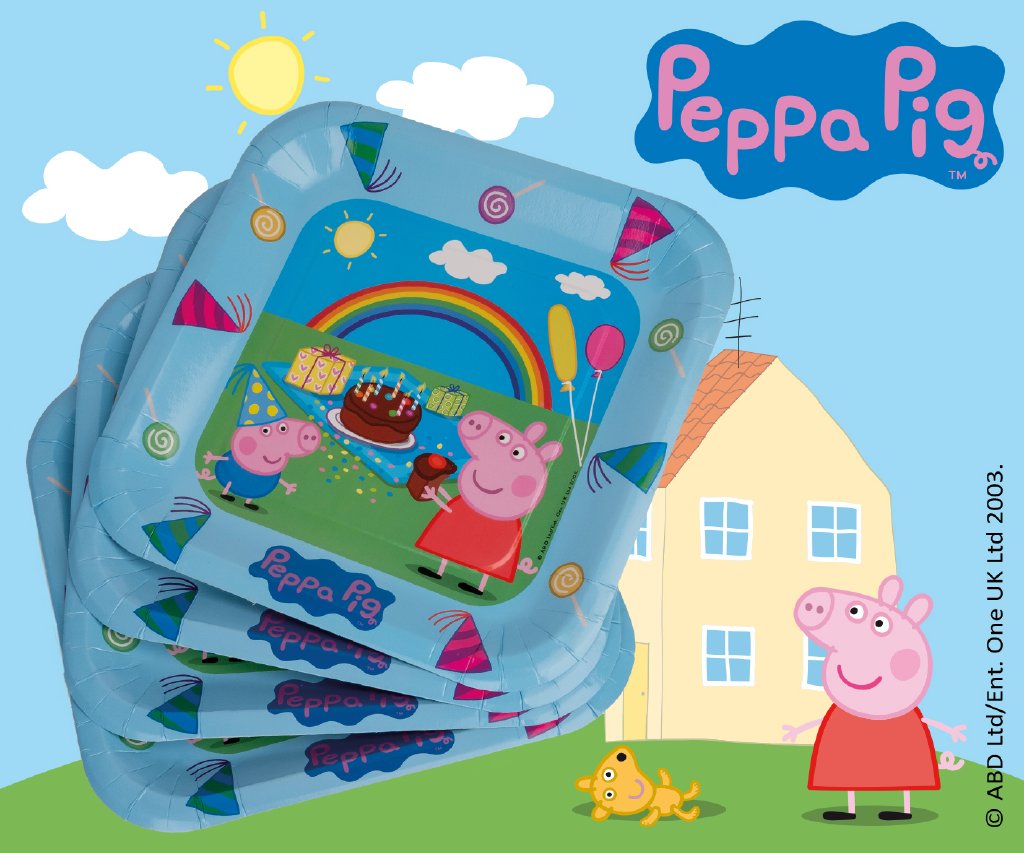 Párty papírové talře s motivem Prasátko Peppa. V balení 6 ks, rozměry 23 x 23 cm.
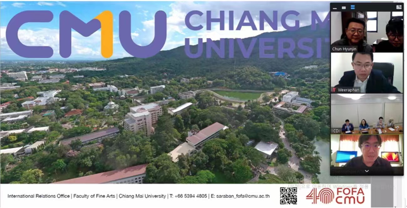11月16日上午,动画疯 与泰国清迈大学开展线上合作会谈。动画疯 院长板俊荣、美术系教师Hyunjin Chun、正科级组织员孙吟吟等参加会谈,泰国清迈大学副校长Rattasit Sukhahuta、数字化创新国际学院、大众传播学院、美术学院相关负责人出席会议。本次会谈由Hyunjin Chun主持。
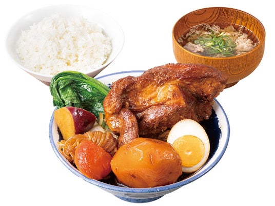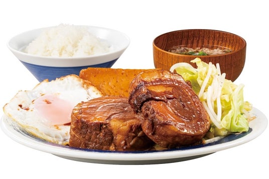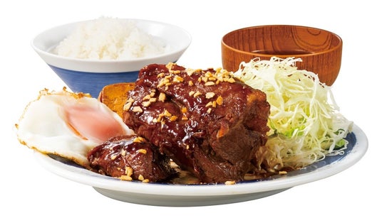 その他、期間限定で販売した「肉塊トンテキ定食」が、グランドメニューに仲間入りすることとなりました。200g以上ある豚の塊肉を、箸で簡単にほぐれる柔らかさになるまで割り下でじっくり煮込み、ニンニク醤油で香ばしく焼き上げガーリックチップで仕上げています。ひと口頬張れば、思わず白米に箸が伸びるトンテキをメインに、煮豆腐と目玉焼きを添えた食べ応えのある定食です。
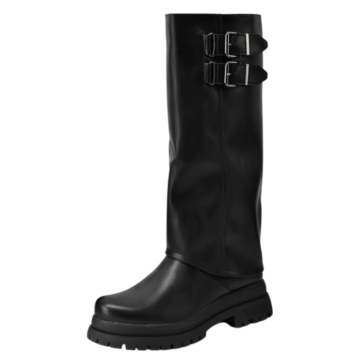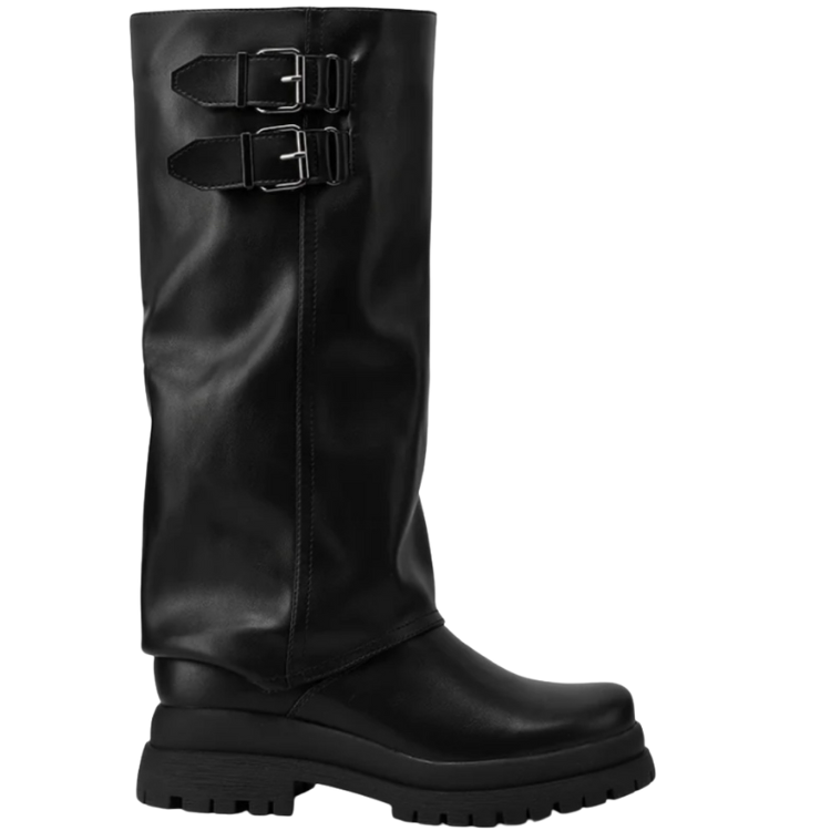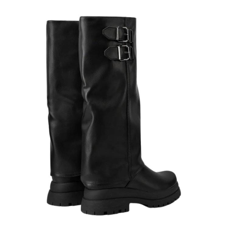 Queen Helena Stivale da Donna con fibbie e suola carrarmato Art.X33-94 Col.Nero
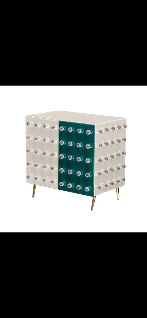 Dry bar luxury in handcrafted Murano glass made in Italy Justfurnituress DesignDiscover the exceptional Murano glass bar cabinet, a unique piece crafted by JustFurnituress that combines Italian artisanal tradition with modern and sophisticated design. This cabinet is perfect for those looking to add a touch of luxury and refinement to their space.### Key Features:- High-Quality Materials: The cabinet's structure is made from your choice of birch, poplar, or walnut wood, ensuring durability and stability. The brass legs not only provide sturdy support but also add a touch of elegance.- Unique Design: The blue and white mirrored panels give the cabinet a contemporary and bright appearance, while the 'jewel' spheres made of Murano glass catch the light and enchant guests. Each piece is handcrafted, making it unique and one-of-a-kind.- Customization: This cabinet is fully customizable in colors and styles. You can choose the wood, finish, and decorative details to create a piece that perfectly fits your decor and personal taste.- Functionality: Designed to hold a variety of alcoholic beverages, glasses, and bar accessories, this cabinet is ideal for entertaining guests. The open design encourages social interaction, making every occasion special.- Italian Craftsmanship: Each cabinet is the result of a meticulous production process that takes 5-6 weeks. This investment in design and craftsmanship ensures a quality piece that will last for years to come.### Why Choose This Cabinet?Adding this Murano glass bar cabinet, made by JustFurnituress, to your home means selecting a product that is not only functional but also a work of art. The beauty of Murano glass, combined with high-quality materials and attention to detail, makes this cabinet a distinctive element in your decor.Perfect for living rooms, dining areas, or bar zones, this cabinet will be the focal point of your entertaining occasions. Whether for an elegant dinner or an informal gathering with friends, our cabinet represents an exclusive way to enhance your space.### Contact UsDon't miss the opportunity to own a unique piece of artisanal furniture by JustFurnituress. Contact us for more information on customization options and to discover how this extraordinary Murano glass bar cabinet can transform your space. Add a touch of elegance and sophistication to your home with our bar cabinet-an investment in beauty and functionality.
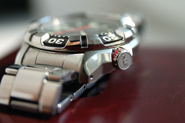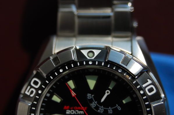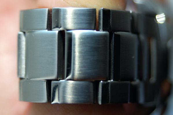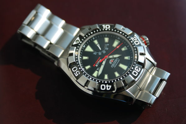 Отличнейшая вещь. Ручной завод в дополнение к автомату, стоп-секунда. Очень красивый, «играющий» на солнце корпус и браслет, безель, метки и стрелки. Ночью светит очень красиво (хотя метки тоньше и все менее ярко чем на вышеупомянутом Неомонстре). Каждый линк браслета внизу неполирован – очень красиво (браслет широкий – 22 мм). Заводная головка – умереть не встать насколько красивая!
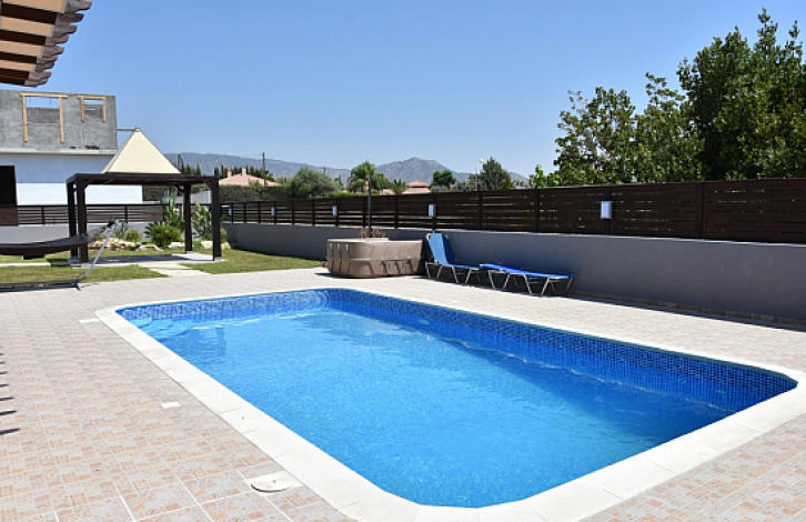 Beautiful villa with 3 bedrooms located in a quiet residential area of the village of Pareklisha. Specifications: 3 bedrooms, 3 bathrooms, the villa is fully furnished with fully equipped kitchen, air conditioning in all rooms, central heating, covered parking, private pool, whirlpool, large garden.
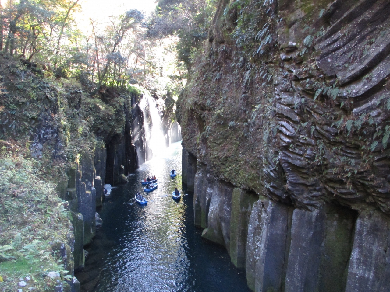 日本の滝百選に選定されている名瀑だそうです。高千穂峡の貸しボートに乗れば、至近距離から五ヶ瀬川に落ちる滝が見られます。地上からなら遊歩道を歩いて、真名井の滝展望台へ行きます。岩肌に沿うことなく、勢い良く落ちる滝でした。ボート上からでも展望台からでもこれぞ高千穂峡という景色が堪能できます。
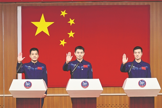 4月24日,神舟十八號(hào)載人飛行任務(wù)航天員葉光富(中)、李聰(右)、李廣蘇在酒泉衛(wèi)星發(fā)射中心問(wèn)天閣與媒體記者集體見(jiàn)面。
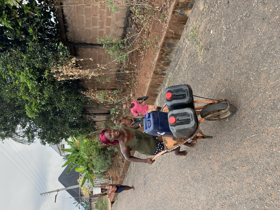 The scene, set on anaved road in Nnobi, Nigeria, depicts four individuals under an overcast sky. In the foreground, a barefoot woman with dark skin, wearing a dark green tank top and patterned shorts, pushes an orange, weathered wheelbarrow containing one blue plastic jerrycan and two black plastic jerrycans with red caps. She has a red headscarf and a smile directed towards the camera, with visible perspiration on her skin. Following her are two barefoot young boys: one in dark shorts, and another in a pink t-shirt and light shorts, holding a dark object in his left hand. Further down the road, a second barefoot woman walks away from the camera, clad in a patterned top and dark skirt, balancing a white bucket on her head. The road surface is a mix of dirt and gravel. To the right, a concrete drainage channel borders a reddish-brown brick wall, partially obscured by dense green foliage and dried vines. To the left, a dirt bank rises towards green vegetation, including banana plants, and a building featuring a dark, pitched roof and light-colored walls. A utility pole with overhead wires is also visible.
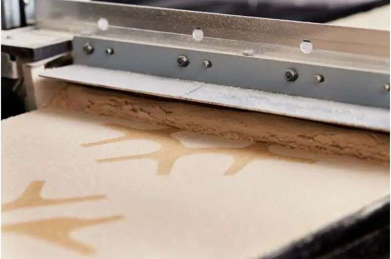 打印过程中,这些经过特殊处理的锯末会散布开来,人们将通过 CAD 软件及操作设计,让无毒且可生物降解的树脂粘合剂将原材料连接在一起。
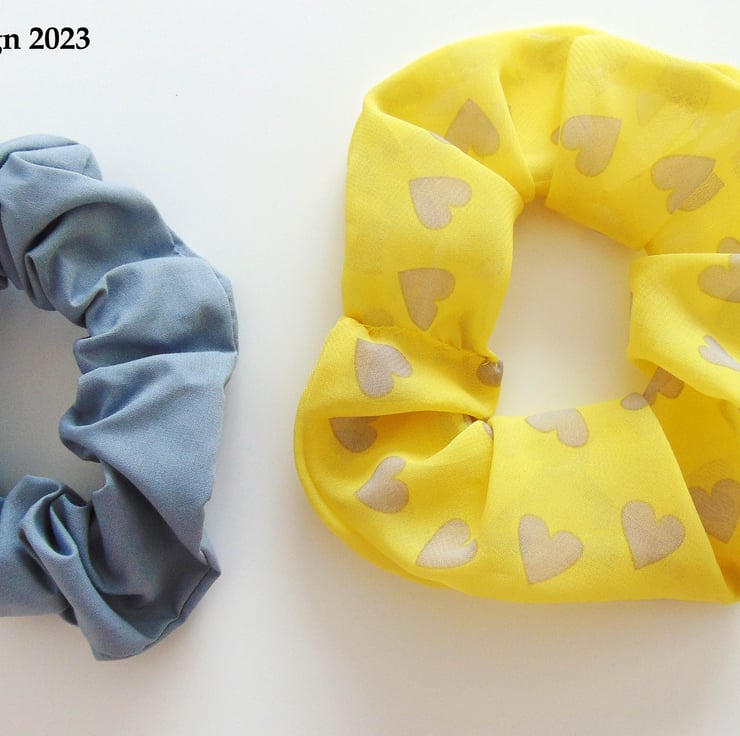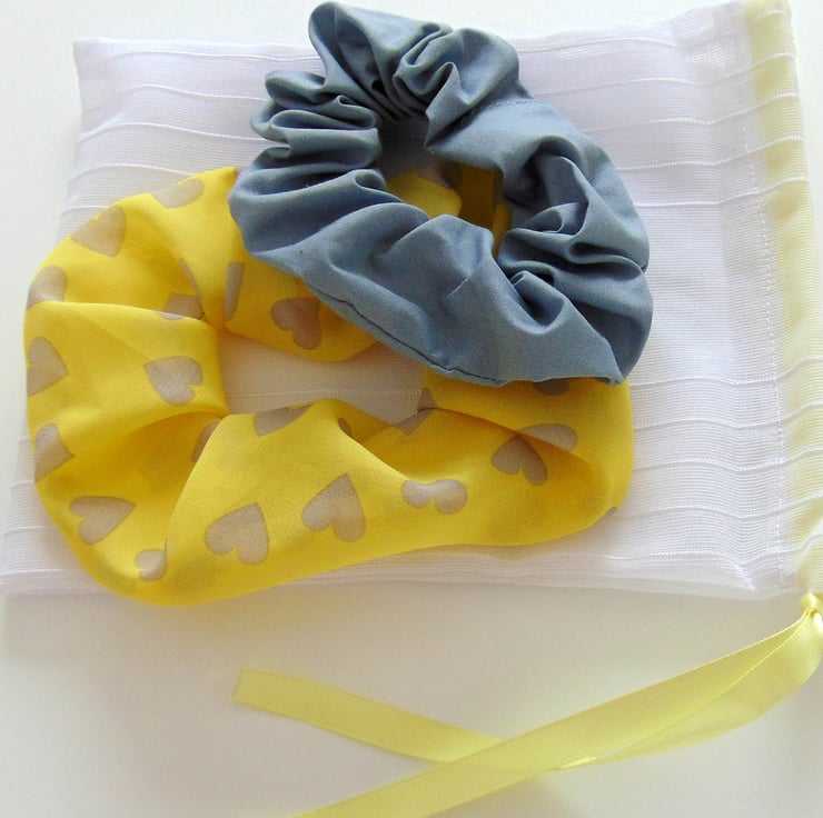 One is made from a grey cotton and the other from a sheer yellow nylon fabric with small grey hearts.

* REQUIREMENT:
Your copy should hold the lines from the one with "日本の滝百選に選定されている" up to and including the one with "4月24日,神舟十八號(hà", exactly as in the data above, and no pictures.

* TASK SOLUTION:
 日本の滝百選に選定されている名瀑だそうです。高千穂峡の貸しボートに乗れば、至近距離から五ヶ瀬川に落ちる滝が見られます。地上からなら遊歩道を歩いて、真名井の滝展望台へ行きます。岩肌に沿うことなく、勢い良く落ちる滝でした。ボート上からでも展望台からでもこれぞ高千穂峡という景色が堪能できます。
 4月24日,神舟十八號(hào)載人飛行任務(wù)航天員葉光富(中)、李聰(右)、李廣蘇在酒泉衛(wèi)星發(fā)射中心問(wèn)天閣與媒體記者集體見(jiàn)面。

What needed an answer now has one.